声を張ろうとすると、喉が高くなるようです。
声を前に、とか上に、と意識した際に喉が上がるのは、下唇や顎の開き具合、あるいは顎が前に出ないように、動かないで
ブレスすること、実際に歌っている時も、動かないことが大切です。

Et de ton coeur endormi~Tout desseinまで、テンポが少し速くなりましたが、そうするのであれば、
Laisson nous persuaderから、またテンポを戻したほうが良いでしょう。

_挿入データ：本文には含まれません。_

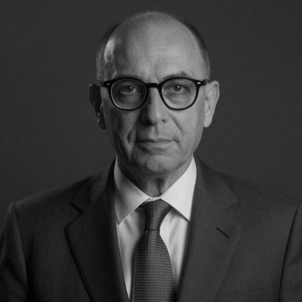 Black-and-white photograph of a middle-aged man with balding head, wearing thick glasses, dark suit, white shirt, and patterned tie. He has a serious expression. Dark background. Single person. Upper body portrait.

3曲目、C’est l’extaseは、出だしの声のポジションが高くならないように、かつメッザヴォーチェです。
ただ、弱くならないで息を十分声に関与させてください。
綺麗な頭声で息の力はしっかり使う感じです。

後半のEspresivoはとても良いです。
終わり方も、綺麗でブレスも余裕があって立派です。

全体に、Mandolineで聴かせてくれた声が、そのまま他の2曲でも聞きたいところです。
発声が曲によって変わらないように。

ピアノはMandolineで、更に美しい粒立ちのあるタッチと、16分音符のタッチのせいでテンポが遅れないことが必要です。
C’est l’extaseは、前に演奏するEn sourdineの終わりの響きをそのまま想定して、出だしてください。

それは、小さな音・・というようなことではなく、前の曲の終わって行く静けさの雰囲気を壊さないで、
そのままの雰囲気で、あたかも一つの曲のように出だすという意味です。